Commanders say that the slides impart less information than a five-page paper can hold, and that they relieve the briefer of the need to polish writing to convey an analytic, persuasive point.

When I was serving in the US Navy I don't remember over-head presentations from photocopies of "well written briefs" being any more entertaining or any easier to understand. Sometimes the situation or mission is complicated. There isn't anything you can't write on paper that can't be put in a presentation or it's accompanying printed notes. This sounds a lot more like finger pointing due to failure or incompetence in the field than it does a software limitation. I find it ludicrous that the blame is shifted from incapable leadership and poor communication to a software tool (take special note of the third to the last paragraph). I also find it boggling that the US military can't figure out how to use both presentation and word processing tools at the same time. Is there a reason a five page report can't be written to accompany the presentation? And they wonder why upper level logistics are a mess.

Comment Re:FB has been quite liberal with users' privacy (Score 3, Insightful) 193

I have a FB account. I have reestablished contact with old friends and very distant family members I didn't otherwise have contact with. The alternative to finding someone you have lost contact with (if your other close family and friends don't know where someone is or how to contact them) is by searching Google and hoping you find a reasonable match. Even then most sites that find a person for you want an idiotic amount of money and a buy in to their scam service to get the contact info. Then there isn't a guarantee that it is the right person or the contact info is still relevant.
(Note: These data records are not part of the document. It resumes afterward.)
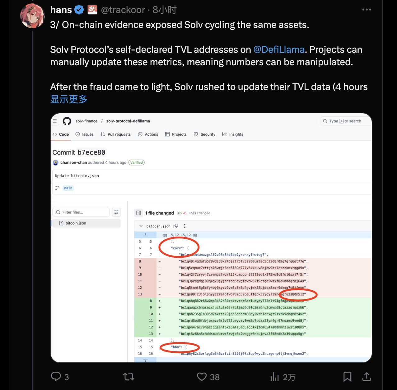 事实上,Hans 提供的 mempool 连结截图,对应的实际是 Solv 的另一收益资产 SolvBTC.CORE,而非 SolvBTC.BBN,这在其自己举证的截图中就有直接证明(如下图)。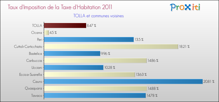 Vous trouverez ci-dessous des graphiques qui vous permettent de situer le taux de la taxe d'habitation de Tolla par rapport aux communes voisines.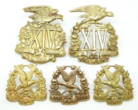 New Zealand Army 14th Otago Regiment metal cap and collar badges including a non voided example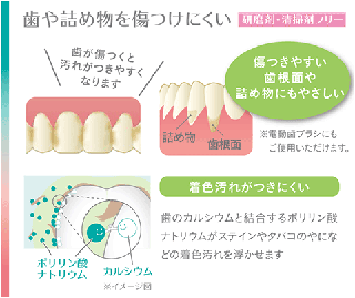 歯面や修復物にやさしい「研磨剤・清掃剤フリー」で、電動歯ブラシにもご使用いただけます。

People do use FB for more than asking someone to fertilize their crops or signing some mob-mentality world solving petition. It's possible to use social networking in a responsible manner. Facebook does seem to have a blatant disregard for their users and it's possible that a better service will come along and people will move to it. Another point condescending pedants might be missing is the exposure of security and privacy risks can help to educate people who might not otherwise even know about them. That is, just because people aren't using social networking doesn't make them any more safe on the internet. There were plenty of online scams and security risks before social networking; at least now people can communicate the nature of them and educate users how to safeguard themselves. One of the first things I did after seeing that CBS news story is post it on FB so that people could change their FB and email password info.

Comment Re:How is this new? (Score 0, Troll) 148

It's not new. I got to the article before it was slashdotted. The author (who is also the author of the story) created a python script that spits out different inline CSS depending on the button you select to style some text, loading it into an iframe, in other words the sort of messy 'dynamic' pages that many sites used before being replaced by AJAX.

It's often messy, but doesn't have to be. For that matter AJAX can get ugly and messy at times.

I think the good point to take away from this, that many sites seem to have tossed away, is to provide a way to interact with the site if a user has Javascript disabled. One thing /. pedants often harp and bark about is how they have Javascript disabled and their shock that everyone doesn't. Maybe site owners and developers aren't interested in providing their pages to those who won't allow them to run JS, but that doesn't mean this isn't a useful lesson to those who might like that.